Work required
The listing that follows must be retyped exactly, without its pictures.

Exercise data
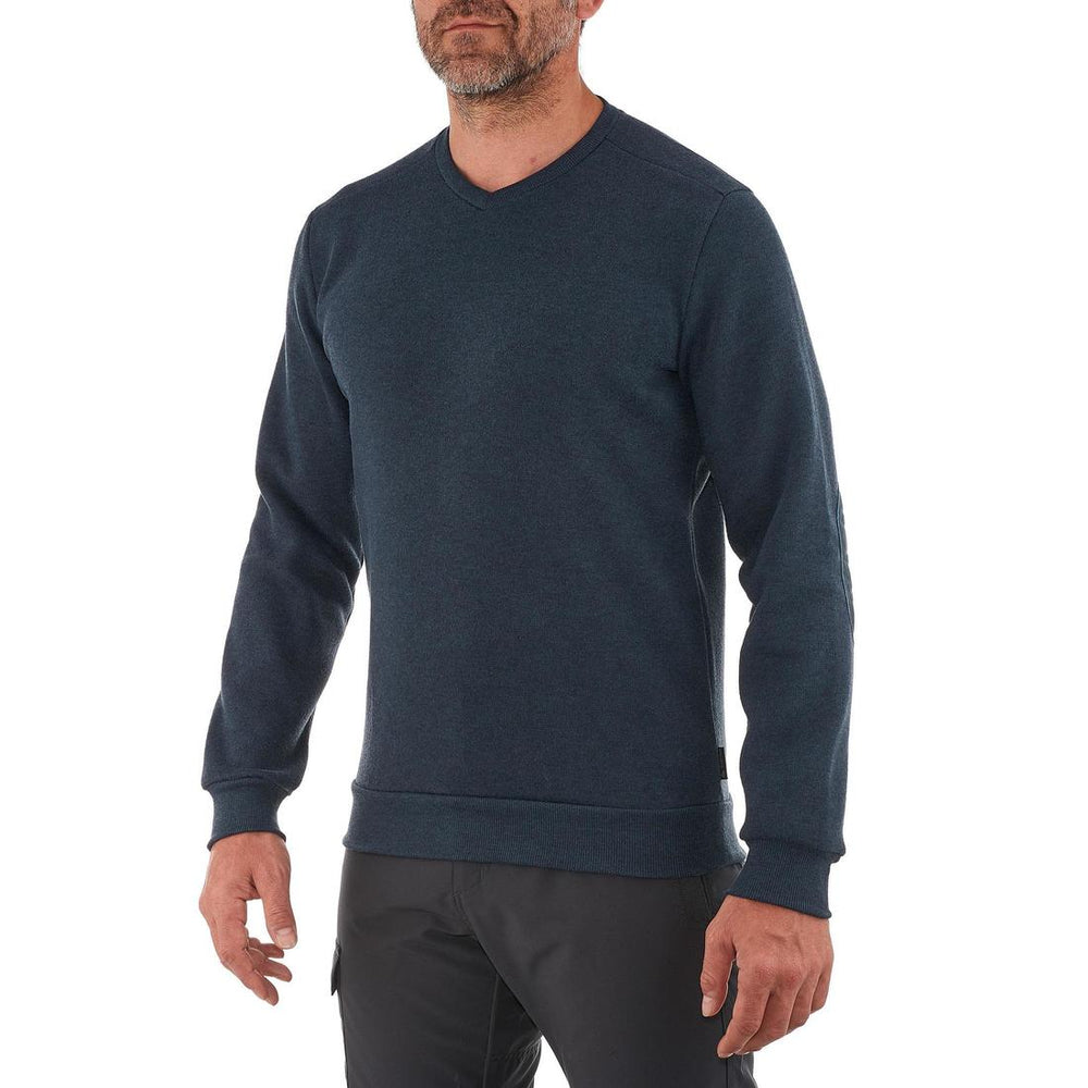 Suéter de senderismo NH150 con cuello en V, cálido y transpirable, diseñado para aportar calor y confort durante paseos por la naturaleza con clima fresco.
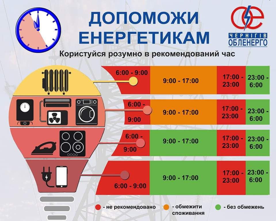 🙏 Будь ласка, по можливості, обмежте використання потужних побутових приладів – таких як пральні машини, бойлери, праски – у пікові години навантаження на енергосистему. Ці періоди зазвичай припадають на ранок (08:00-11:00) та вечір (17:00-23:00).
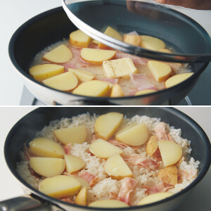 ベーコンと新じゃがいもをそれぞれ重ならないように並べ、ふたをして(写真上)中火にかける。煮立ったらごく弱火にして10分間炊き、最後に10秒間ほど強火にする。火を止めてふたをしたまま7~8分間蒸らす。ふたを取り(写真下)、サックリと混ぜる。
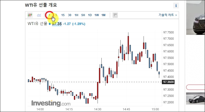 ▼먼저 실시간으로 움직이는 국제유가 선물 차트를 이용해 보겠습니다. 캔들 모양과 선 모양 이렇게 2가지 버전의 차트를 기본으로 제공하고 있는데요. 시간 단위를 1분으로 변경해 보세요. 그럼 매초마다 엄청난 변동을 보이는 국제유가 가격의 흐름을 확인할 수 있습니다. 개인적으로 짧은 기간 동안의 움직임은 가짜가 많기 때문에 흐름을 파악할 때에는 주봉이나 월봉으로 보는 것을 선호합니다.

Task response
 Suéter de senderismo NH150 con cuello en V, cálido y transpirable, diseñado para aportar calor y confort durante paseos por la naturaleza con clima fresco.
 🙏 Будь ласка, по можливості, обмежте використання потужних побутових приладів – таких як пральні машини, бойлери, праски – у пікові години навантаження на енергосистему. Ці періоди зазвичай припадають на ранок (08:00-11:00) та вечір (17:00-23:00).
 ベーコンと新じゃがいもをそれぞれ重ならないように並べ、ふたをして(写真上)中火にかける。煮立ったらごく弱火にして10分間炊き、最後に10秒間ほど強火にする。火を止めてふたをしたまま7~8分間蒸らす。ふたを取り(写真下)、サックリと混ぜる。
 ▼먼저 실시간으로 움직이는 국제유가 선물 차트를 이용해 보겠습니다. 캔들 모양과 선 모양 이렇게 2가지 버전의 차트를 기본으로 제공하고 있는데요. 시간 단위를 1분으로 변경해 보세요. 그럼 매초마다 엄청난 변동을 보이는 국제유가 가격의 흐름을 확인할 수 있습니다. 개인적으로 짧은 기간 동안의 움직임은 가짜가 많기 때문에 흐름을 파악할 때에는 주봉이나 월봉으로 보는 것을 선호합니다.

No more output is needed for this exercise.